Transcribe the records that follow in their entirety, omitting any pictures.

== MATERIAL PROVIDED ==
* * * * * * *
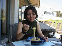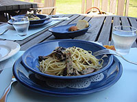 メニューは、サラダにキノコのパスタ、デザートとコーヒーという普通の流れでした。私はサラダに淡路玉ねぎてんこ盛り、とか期待したんですが、普通のイタリアンでした。
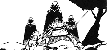 The Stranger returned for a third time. This time, three companions fought at the hero's side to defeat Exodus. Meeting the Time Lord, the Stranger knew that Exodus couldn't be defeated by normal means. Going to the lost island of Ambrosia, the Stranger recovered the Four Cards. Sailing to the Castle of Fire then, they fought their way through Exodus' guards, before reaching the core of the machine. Inserting the Cards, the Machine exploded, thus being the end of Exodus and the last Age of Darkness.
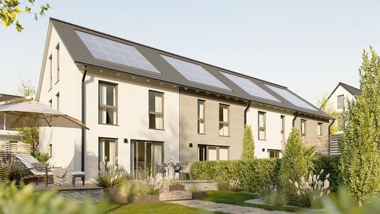 Nachwachsende oder recycelbare Baustoffe, z. B. Holz aus nachhaltiger Forstwirtschaft oder Dämmungen aus recyceltem Material, kommen verstärkt zum Einsatz. Moderne Häuser werden so konzipiert, dass sie ressourcenschonend gebaut sind und im Betrieb wenig verbrauchen. Das schont die Umwelt und Ihren Geldbeutel gleichermaßen. Übrigens erfüllen unsere Massivhäuser natürlich sämtliche aktuellen Vorgaben des Gebäudeenergiegesetzes (GEG 2024). Seit 2024 müssen Neubauten in Deutschland mindestens dem früheren Effizienzhaus-55-Standard entsprechen und 65 % erneuerbare Energien bei der Heizungsversorgung nutzen. Mit einem Town & Country Haus liegen Sie hier auf der sicheren Seite - wir planen standardmäßig mit zukunftsfähiger Technik wie Wärmepumpe und Lüftungsanlage, sodass Ihr Neubau sofort ein klimafreundliches Haus ist.
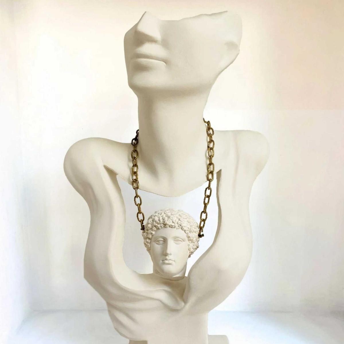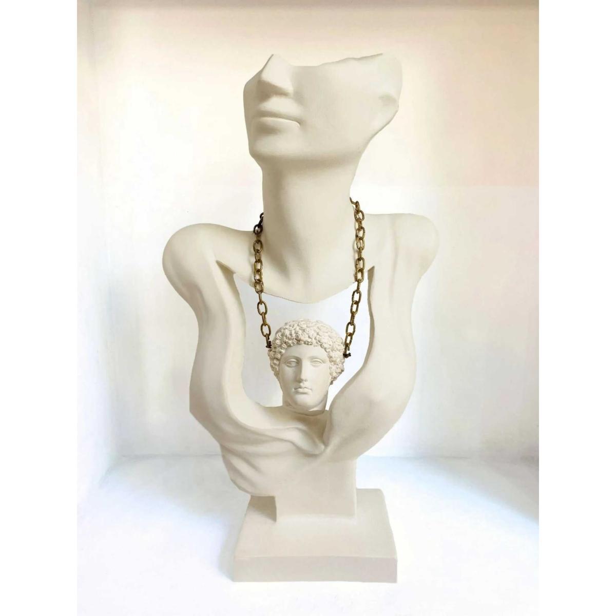 Immerse your space in the timeless beauty of our "Woman & Hermes" sculpture, a harmonious masterpiece standing elegantly at 47 x 27 cm. This captivating piece celebrates the union of feminine grace and divine messenger Hermes, creating a visual symphony that transcends the boundaries of myth and art. Measuring 47 x 27 cm, this sculpture strikes the perfect balance between size and intimacy. The graceful contours of the woman and the iconic winged figure of Hermes are expertly crafted, capturing the essence of classical elegance. Whether displayed on a shelf, mantel or as a centerpiece, the dimensions ensure a captivating and refined focal point.
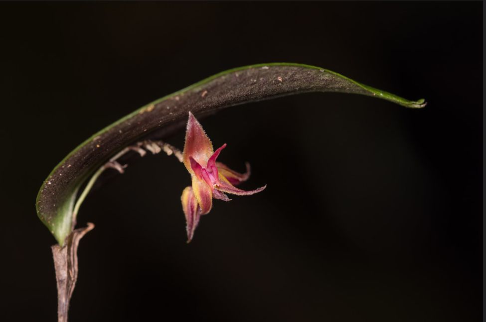Found in southwestern Colmbia to northern Ecuador at elevations around 3000 to 3500 meters as a mini-miniature to miniature sized, cold growing epiphyte with a stout, erect ramicaul enveloped by 7 to 12, minutely ciliate lepanthiform sheaths and carrying a single, apical, erect, coriaceous, purple suffused beneath, elliptical, obtuse and contracted into a narrow apical segment, rounded and contracted below into the petiolate base leaf that blooms in the summer on a slender, congested, distichous, to 2" [ 5 cm] long, successively many flowered inflorescence arising on the back of the leaf.
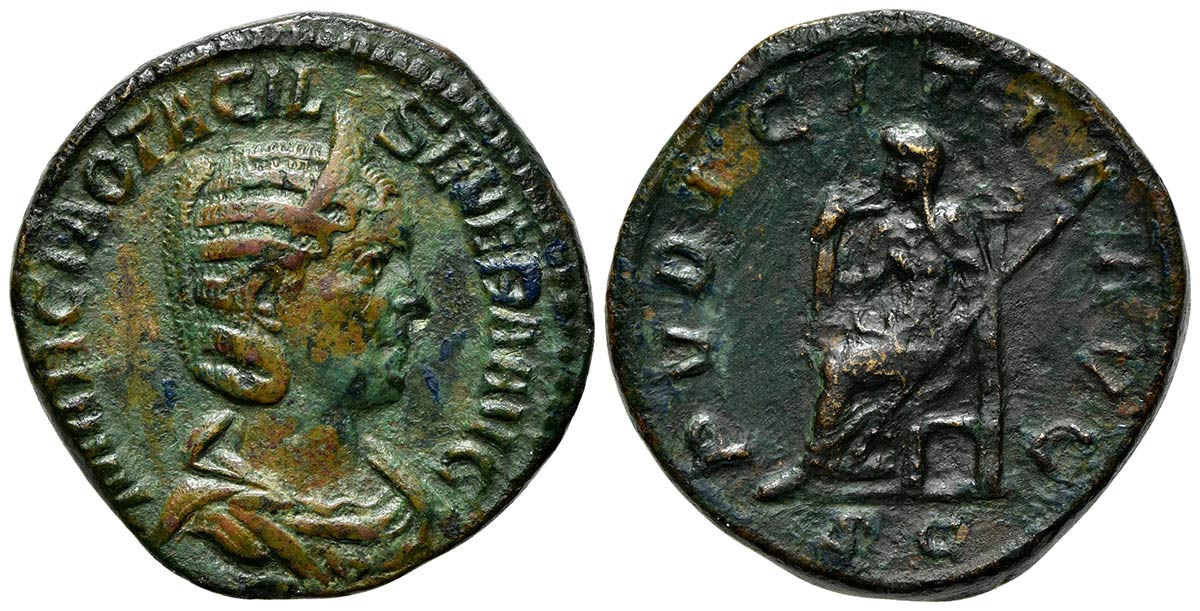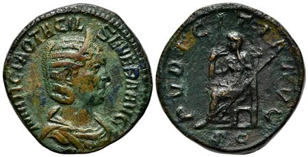 Otacilia Severa (Augusta, 244-249), Sestertius, Rome. AE (g 20,60; mm 30; h 12). MARCIA OTACIL SEVERA AVG, Diademed and draped bust r.; Rv. PVDICITIA AVG, Pudicitia seated l., drawing veil from her face and holding a sceptre, SC.
* * * * * * *
== WORKED SOLUTION ==
 メニューは、サラダにキノコのパスタ、デザートとコーヒーという普通の流れでした。私はサラダに淡路玉ねぎてんこ盛り、とか期待したんですが、普通のイタリアンでした。
 The Stranger returned for a third time. This time, three companions fought at the hero's side to defeat Exodus. Meeting the Time Lord, the Stranger knew that Exodus couldn't be defeated by normal means. Going to the lost island of Ambrosia, the Stranger recovered the Four Cards. Sailing to the Castle of Fire then, they fought their way through Exodus' guards, before reaching the core of the machine. Inserting the Cards, the Machine exploded, thus being the end of Exodus and the last Age of Darkness.
 Nachwachsende oder recycelbare Baustoffe, z. B. Holz aus nachhaltiger Forstwirtschaft oder Dämmungen aus recyceltem Material, kommen verstärkt zum Einsatz. Moderne Häuser werden so konzipiert, dass sie ressourcenschonend gebaut sind und im Betrieb wenig verbrauchen. Das schont die Umwelt und Ihren Geldbeutel gleichermaßen. Übrigens erfüllen unsere Massivhäuser natürlich sämtliche aktuellen Vorgaben des Gebäudeenergiegesetzes (GEG 2024). Seit 2024 müssen Neubauten in Deutschland mindestens dem früheren Effizienzhaus-55-Standard entsprechen und 65 % erneuerbare Energien bei der Heizungsversorgung nutzen. Mit einem Town & Country Haus liegen Sie hier auf der sicheren Seite - wir planen standardmäßig mit zukunftsfähiger Technik wie Wärmepumpe und Lüftungsanlage, sodass Ihr Neubau sofort ein klimafreundliches Haus ist.
 Immerse your space in the timeless beauty of our "Woman & Hermes" sculpture, a harmonious masterpiece standing elegantly at 47 x 27 cm. This captivating piece celebrates the union of feminine grace and divine messenger Hermes, creating a visual symphony that transcends the boundaries of myth and art. Measuring 47 x 27 cm, this sculpture strikes the perfect balance between size and intimacy. The graceful contours of the woman and the iconic winged figure of Hermes are expertly crafted, capturing the essence of classical elegance. Whether displayed on a shelf, mantel or as a centerpiece, the dimensions ensure a captivating and refined focal point.
Found in southwestern Colmbia to northern Ecuador at elevations around 3000 to 3500 meters as a mini-miniature to miniature sized, cold growing epiphyte with a stout, erect ramicaul enveloped by 7 to 12, minutely ciliate lepanthiform sheaths and carrying a single, apical, erect, coriaceous, purple suffused beneath, elliptical, obtuse and contracted into a narrow apical segment, rounded and contracted below into the petiolate base leaf that blooms in the summer on a slender, congested, distichous, to 2" [ 5 cm] long, successively many flowered inflorescence arising on the back of the leaf.
 Otacilia Severa (Augusta, 244-249), Sestertius, Rome. AE (g 20,60; mm 30; h 12). MARCIA OTACIL SEVERA AVG, Diademed and draped bust r.; Rv. PVDICITIA AVG, Pudicitia seated l., drawing veil from her face and holding a sceptre, SC.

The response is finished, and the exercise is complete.